Sam in Rift, by Rob Eavis

Sam led a number of bolt climbing trips near the bottom, including a roof traverse along the main rift and a climb up at the back of a large cross rift. Unfortunately none of these efforts revealed much passage. 

Meanwhile Rob and Luke started work on the upstream boulder choke. This vertical choke feature can be reached at four places in the system and all of them draught strongly at times, suggesting the existence of a continuation to the west heading up the dale. Plus the draught direction agrees it’s coming from a higher entrance. The lowest point was chosen as this was closest to the natural passages, and after four trips enough scaffold had been chucked in to yield a breakthrough into a new cross rift.

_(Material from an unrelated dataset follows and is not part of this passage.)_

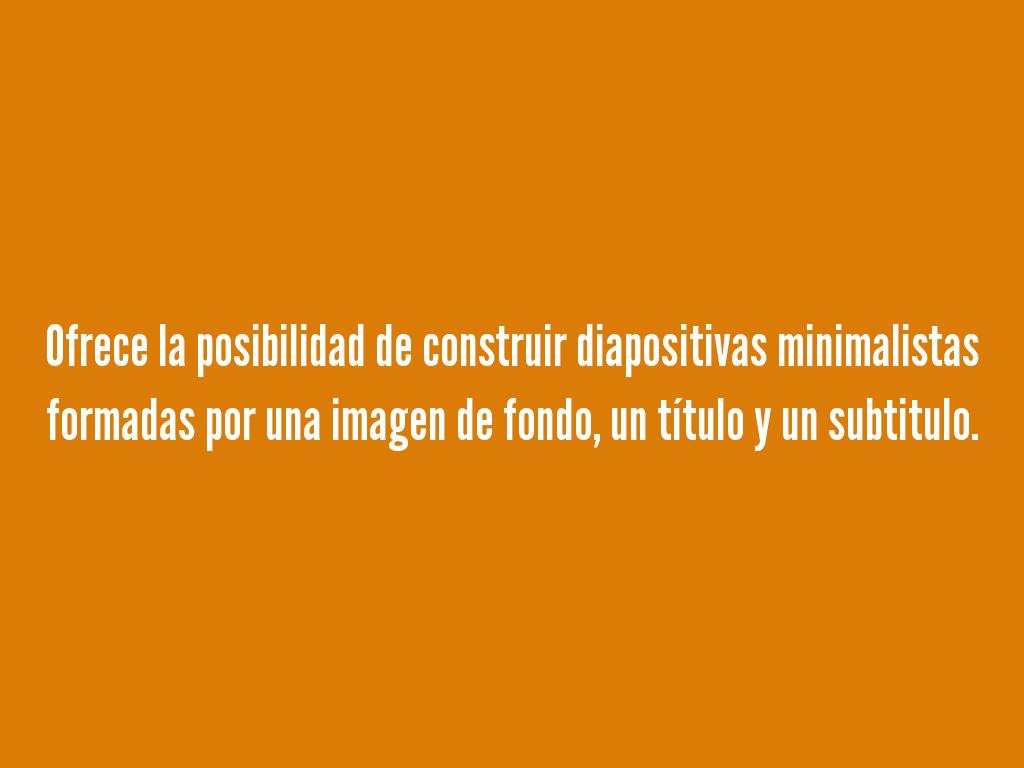 Ofrece la posibilidad de construir diapositivas minimalistas formadas por una imagen de fondo, un título y un subtitulo.

This was on the evening of the referendum hence the name Brexit Rift, particularly apt with the team members voting different ways. This rift unfortunately was not the source of the draught and met a solid end after only 10m, so it seems a route further into the choke will need to be engineered. 

Sam in Brexit Rift

Two years on, I returned with Sam and Luke this Thursday for a pre-pub refresher to take advantage of the cold evenings to check the draught (but mostly because I wanted my crowbar back). This was a good excuse for Sam to quite literally dust the cobwebs off after nearly a year of avoiding caving. 

The entrance pitches were dry and strongly draughting inwards, and soon we were down at the choke again. I’d forgotten my disco smoke so Luke valiantly lent the team his vape thingy, this week fragrantly instilled with BlackJack flavour to reinforce his sexuality. The air cleared but the draught was not strong and if anything it was being driven more by our body heat than the cave. We surveyed through to Brexit Rift and familiarised ourselves with the options and challenges, whilst Sam became increasingly unhappy with all the hanging death (even though there’s loads more scaffold than when we originally went through!). 

 

Remembering my trusty crowbar we headed out, although it wasn’t long before a stronger draught was met and we spread out to try to follow it. The best route (my one) led through a tight rift into the second highest boulder choked passage and the draught was very strong, although making progress here would be a brave undertaking. 

Back on the pitches up Sam strengthened his rusty status by putting his foot jammer on the wrong side of the wrong foot, but made up for it by openly admitting to it allowing us to berate as necessary.